WHAT YOU ARE ASKED TO DO = The expected result is the full listing, retyped exactly, without a single picture.

RECORDED INFORMATION =
+++

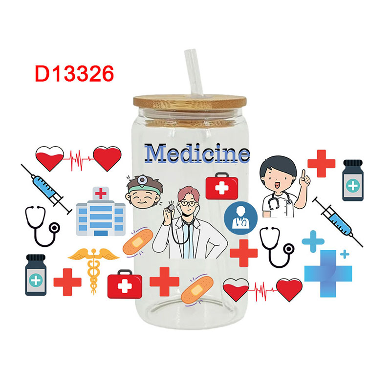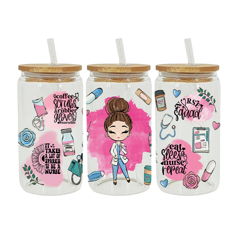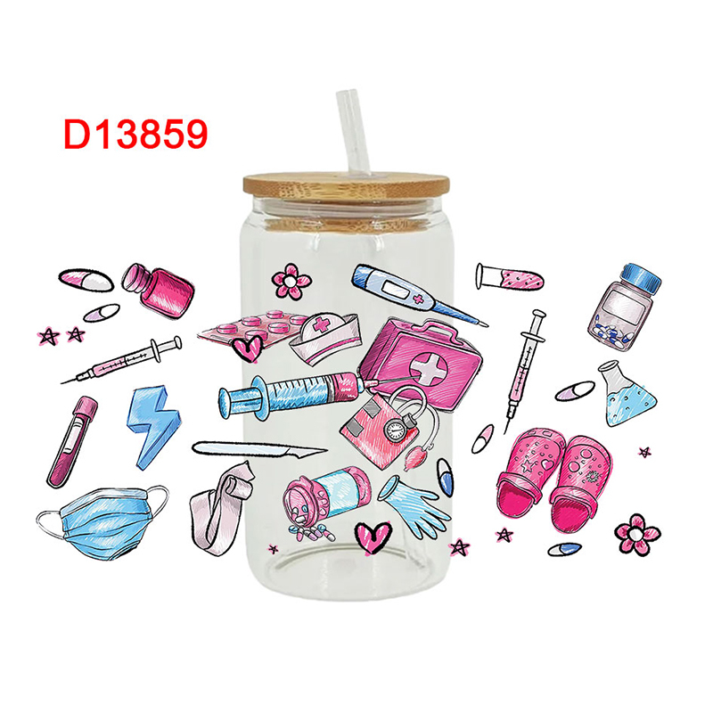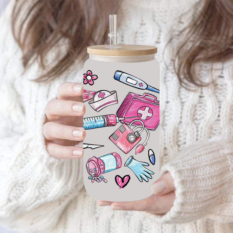UV DTF Transfer Sticker NURSE Theme For The 16oz Libbey Glasses Wraps Cup Can DIY Waterproof
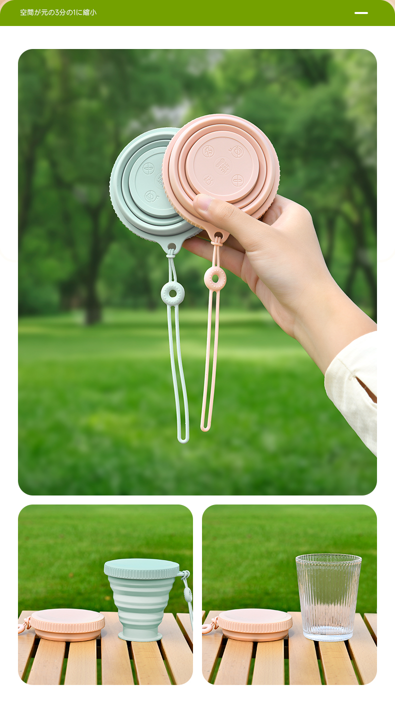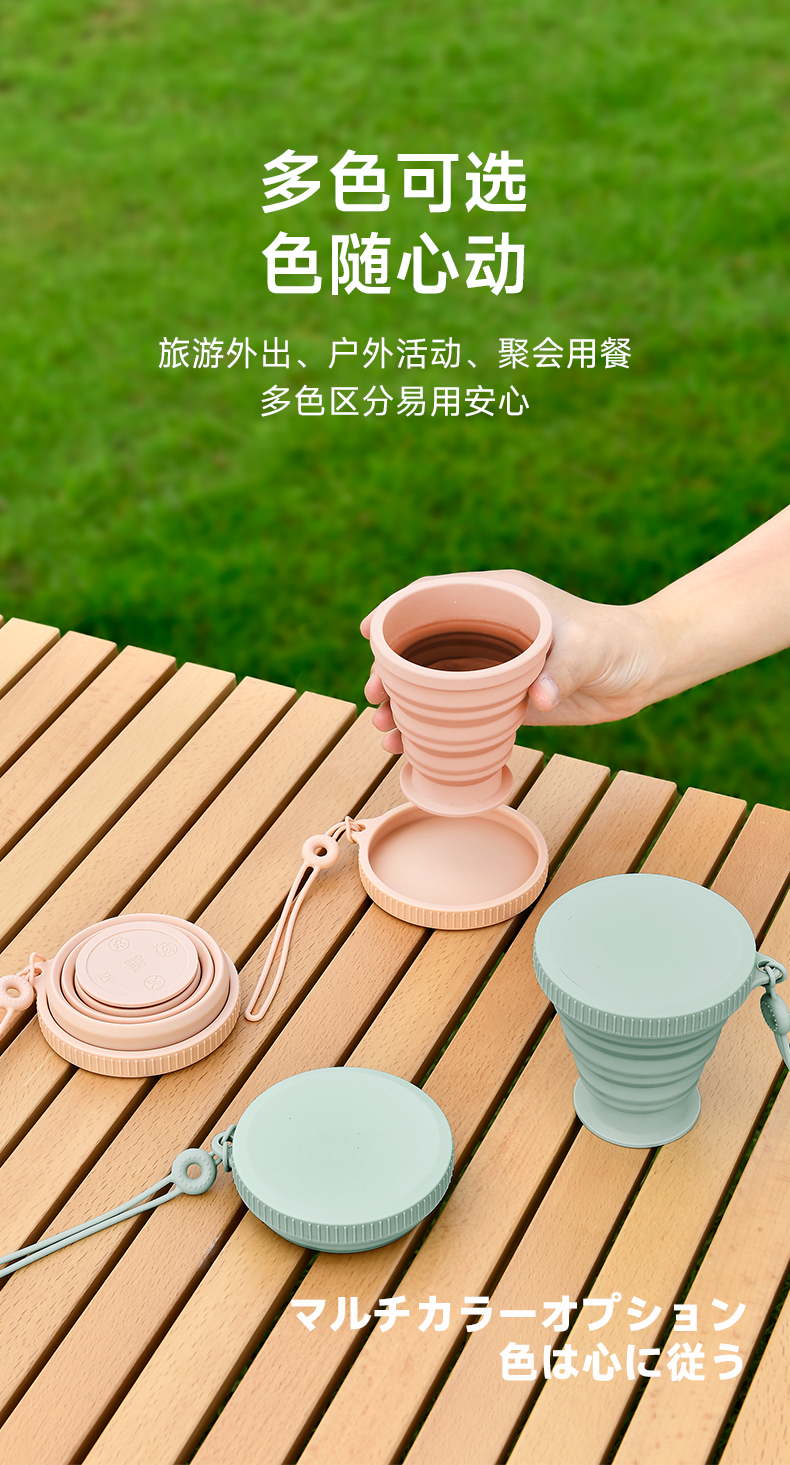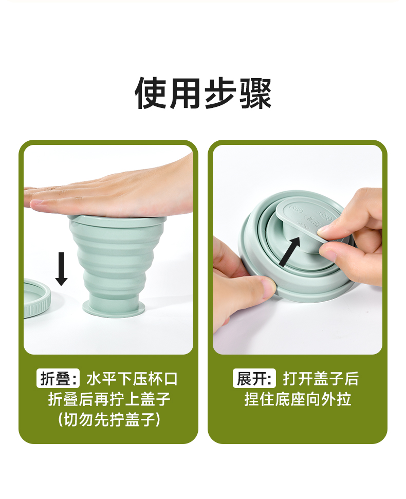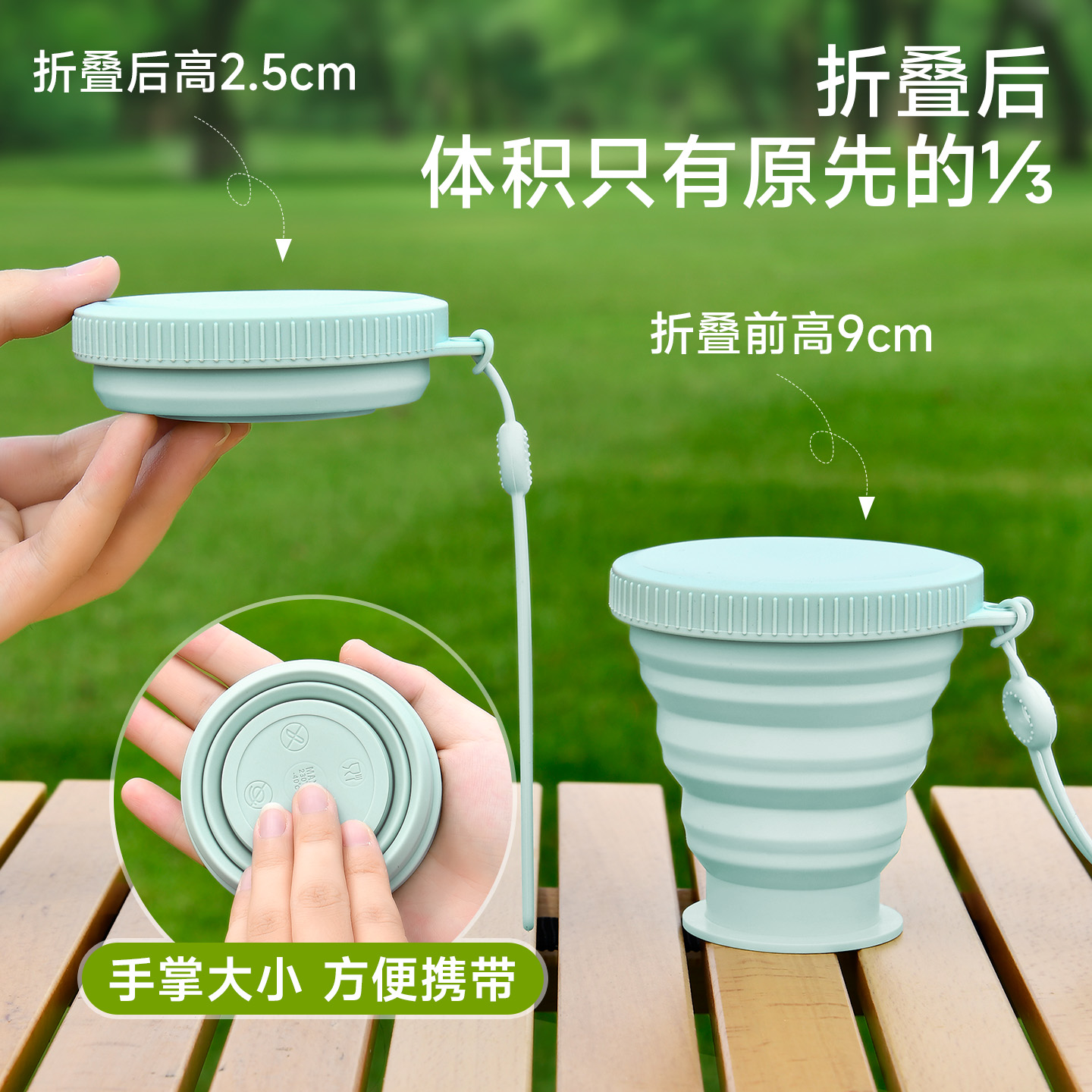 硅胶折叠杯 可折叠杯硅胶户外露营带盖压缩水杯便携可伸缩漱口杯
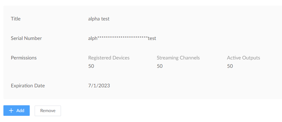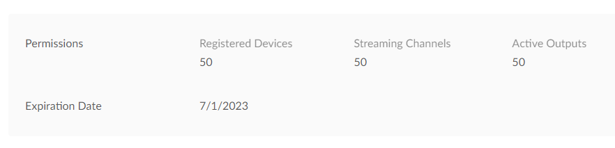 - Check permissions of Registered Devices, Streaming Channels, Active Outputs and Expiration Date.

+++

RESPONSE BELOW =
UV DTF Transfer Sticker NURSE Theme For The 16oz Libbey Glasses Wraps Cup Can DIY Waterproof
 硅胶折叠杯 可折叠杯硅胶户外露营带盖压缩水杯便携可伸缩漱口杯
 - Check permissions of Registered Devices, Streaming Channels, Active Outputs and Expiration Date.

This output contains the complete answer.